Ты станешь Мастером…
Когда поймешь, что человек рожден,
Чтоб выплавить из мира
Необходимости и Разума –
Вселенную Свободы и Любви, –
Тогда лишь
Ты станешь Мастером.
Волошин М. Подмастерье
Среди крымских художников и тех, кто приезжал в Коктебель к Волошину, Богаевский всерьез считался «метром», в шутку – «километром», причисляя остальных к «сантиметрам». Художники любили с ним работать, как урок воспринимая то высокое отношение к живописи, которое он в себе нес. Многие – Волошин, Ульянов, Лобанов, Остроумова-Лебедева – рисовали его самого. Судьба живописного портрета, который упоминается в письмах Оболенской четырнадцатого года, неясна. Один из графических портретов Богаевского, выполненный художницей, сохранился у Волошина
[334], а у нее самой остался феодосийский набросок 1928 года, на котором два Константина трудятся над упаковкой картин для выставки. За многие годы общения их взаимное человеческое расположение только крепло, хотя и его Константин Федорович пропускал сквозь то же высокое мерило, ценя в Оболенской не только ее мастерство художника, но еще и понимание искусства, «источник живых мыслей и чувств», который она в себе несла.
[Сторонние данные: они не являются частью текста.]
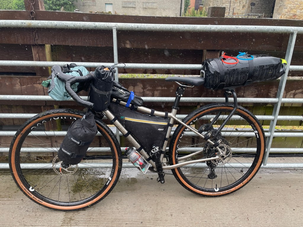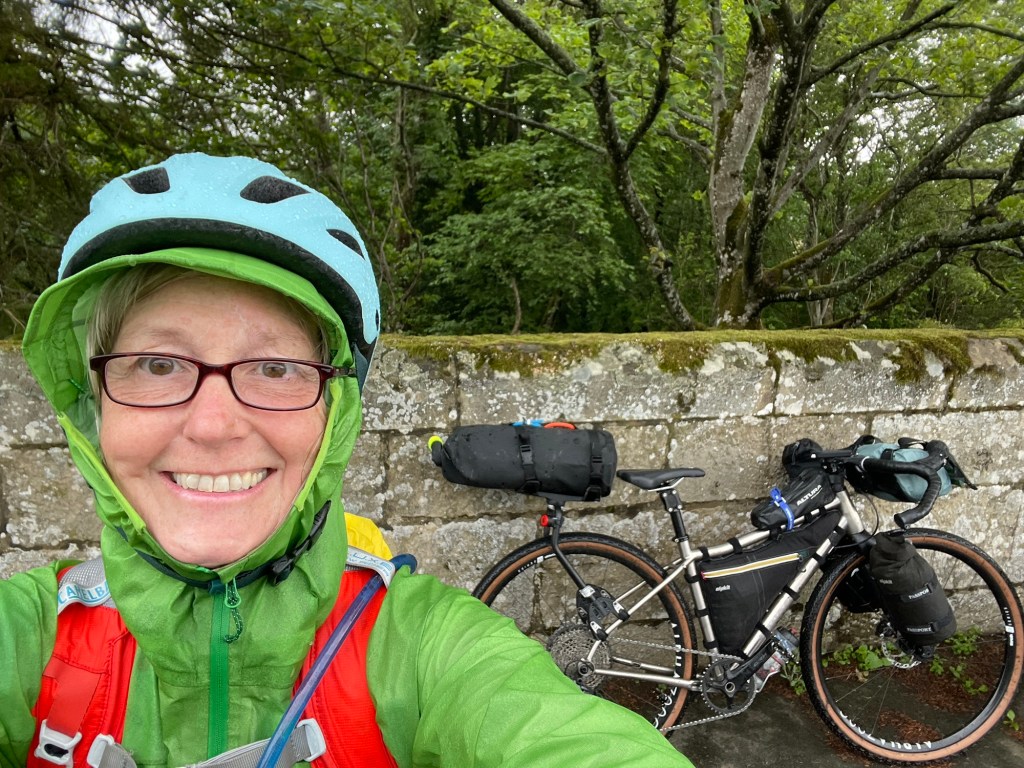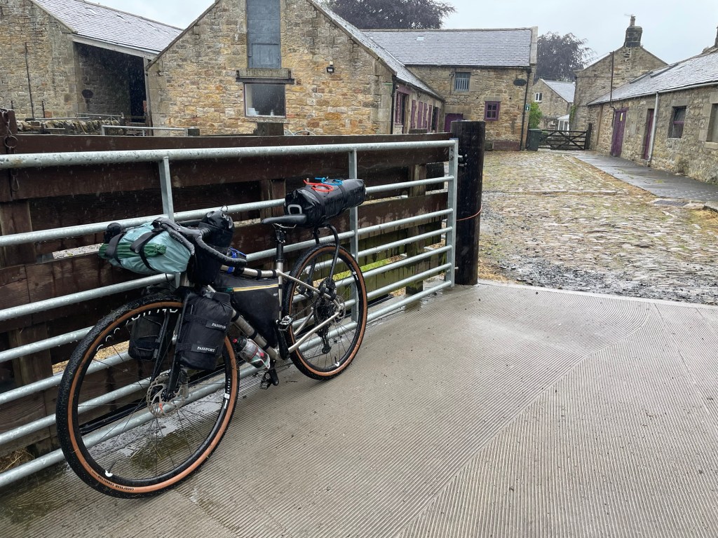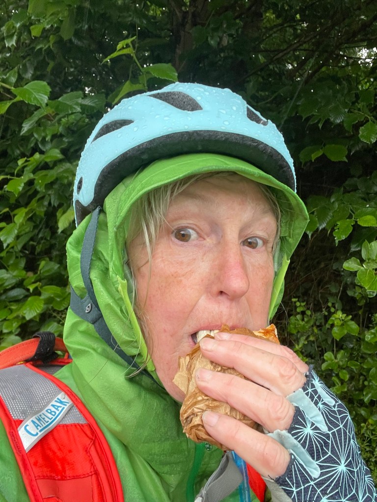 I had a cosy night and woke up to a damp but not raining day. I went to a cafe and had coffee and breakfast and a think. I decided that riding the sandstone way in the wet would not be fun so plotted a route on the sustains 68. I got back to the tent just as the rain started, managed to get everything packed up without it getting wet. Apart from the tent! I set off nice quiet roads but pouring down. Eventually got to a country inn where I took refuge. The people there were wonderful, put my coat in the boiler room and gave me fluffy towels. I ended up staying there all afternoon the rain got worse and in the end Chris came and rescued me. I have spent a nice few days with him and Sue.

Первенство Богаевского как мастера не означало дистанции, отличающая его манера письма не довлела другим, вызывая подражание. Напротив, Волошин, например, изображал Киммерию иначе – воздушной, лиричной, порой объединяя акварели в циклы или перемежая их поэтическими паузами, и этот лик крымского пейзажа, более камерный и нежный, Кандауров также представлял на московских выставках, открывая публике поэта в ипостаси художника.
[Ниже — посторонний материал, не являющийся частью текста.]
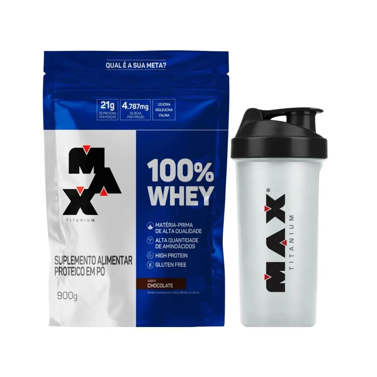 corpo e da mente sem abrir mão da praticidade. A forma de uso é simples e adaptável ao seu ritmo. Basta adicionar uma medida de whey proteína concentrado 21g de proteína na coqueteleira 700ml, completar com água ou bebida de sua preferência e agitar até obter uma mistura homogênea. Pode ser consumido antes ou após os treinos ou como complemento entre refeições, garantindo facilidade em qualquer momento do dia. Características técnicas incluem um refil de 900g de whey proteína concentrado sabor chocolate com cerca de 21g de proteína por dose, além de uma coqueteleira 700ml resistente, leve e fácil de transportar. Um kit completo para quem busca organização, sabor e funcionalidade em sua rotina. Garanta o seu Mix Whey Proteína Concentrado Chocolate 900g com coqueteleira 700ml Max Titanium. Aproveite o preço especial enquanto o estoque é limitado e as últimas unidades estão disponíveis.

«Кое-что поймал в рисунке и законах волн, – писал Волошин Оболенской из Биаррица. – Вообще теперь все больше и больше понимаю рисунок как “жест”. Вот “жест” волны, он и в раковинах, и в профилях скал, обточенных волнами, и на отмелях, и в водорослях. Его надо, внутри себя, как танец, принять – и тогда можно изображение до какой угодно условной упрощенности доводить – чем непосредственнее, тем живее. А потом есть соответствия между естественными жестами самих красок и явлениями природы. Например, как акварель сама расплывается и как облака лепятся и тают. Здесь есть точные соответствия вихрей – поняв их, надо только им помогать согласовываться. В живописи – я приблизительно в этой полосе работал»
[335].
С карандашом и кистью Волошин не расставался с юности, много писал об искусстве и художниках, но до поры собственные упражнения в художестве считал только удовольствием, «сантиметровой» шалостью. Потому-то, высылая Кандаурову в октябре 1916 года серию своих рисунков «Города в пустыне», волновался – получились ли? И есть ли шанс выставить их на «Мире искусства»? Словно смущаясь и продолжая летнюю игру с переменой имен между ним, Оболенской и Ходасевичами, спрашивал, доволен ли Константин Васильевич работами «Juliae Oboleniensis». Возможно, что их привезли для Оболенской вернувшиеся из Коктебеля в конце сентября Владислав Фелицианович и Анна Ивановна. «Вы спрашиваете о “моих работах”, – не выходя из роли, отвечала Оболенская. – “Юлия” очень талантлива. Почему бы ей не заняться иллюстрациями – налицо настоящие задатки. Особенно понравились “Поэты” и “Гаттон”. Константин Васильевич в восторге и стремится их застеклить, Ходасевичи отнимают»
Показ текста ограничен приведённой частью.